Dean, Patricia Sacht. January 1993 (has links)
Very little has been written about the physician-patient interaction from the perspectives of individuals with severe disabilities. It has been reported that satisfaction with the physician-patient relationship can affect continuity of care and compliance with therapeutic regimens. While it is feasible that these issues could be of less consequence to the health of patients who are non-disabled, discontinuity of care or noncompliance with treatment plans could result in critical, life-threatening situations for individuals with severe disabilities. This study explored factors of the physician-patient interaction that are important from the perspective of individuals with severe disabilities. Research questions addressed the nature of the interaction, similarity with factors considered fundamental by individuals without disabilities, and whether there were factors important to individuals with severe disabilities that previously had not been reported in the patient satisfaction literature. The six individuals selected to participate in the study represented a range of disabilities that met the Rehabilitation Services Administration (RSA) criteria to be considered severe: blind, cerebral palsy, deaf, post-polio, spinal cord injured, and systemic lupus erythematosus. These participants also met all criteria as "key informants" for the purpose of qualitative research. A qualitative design was selected, employing two in-depth ethnographic interviews with each participant to elicit responses to focused, open-ended questions about the physician-patient interaction. The questions were patterned after those used in the development of the Smith-Falvo Patient-Doctor Interaction Scale (PDIS). Permission from the senior author was granted for "fair use" of the PDIS, and the related findings were used as comparison measures to responses of participants in this study.
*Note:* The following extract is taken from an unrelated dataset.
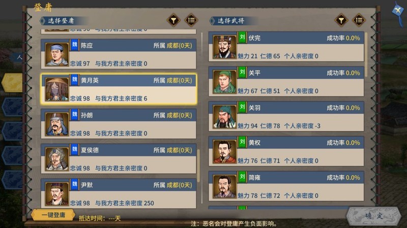 招人时优先选择马超,接着挑选刘备宗族成员,别忽视概率。

Findings of this research indicate that the interactional dynamics (eye contact, greeting, familiarity and evidence of respect) of first impressions for each individual in the physician-patient dyad influence to a large degree whether a satisfactory relationship can be established. In addition, participants with severe disabilities need to be considered by their physicians as equal partners in the management of their health care.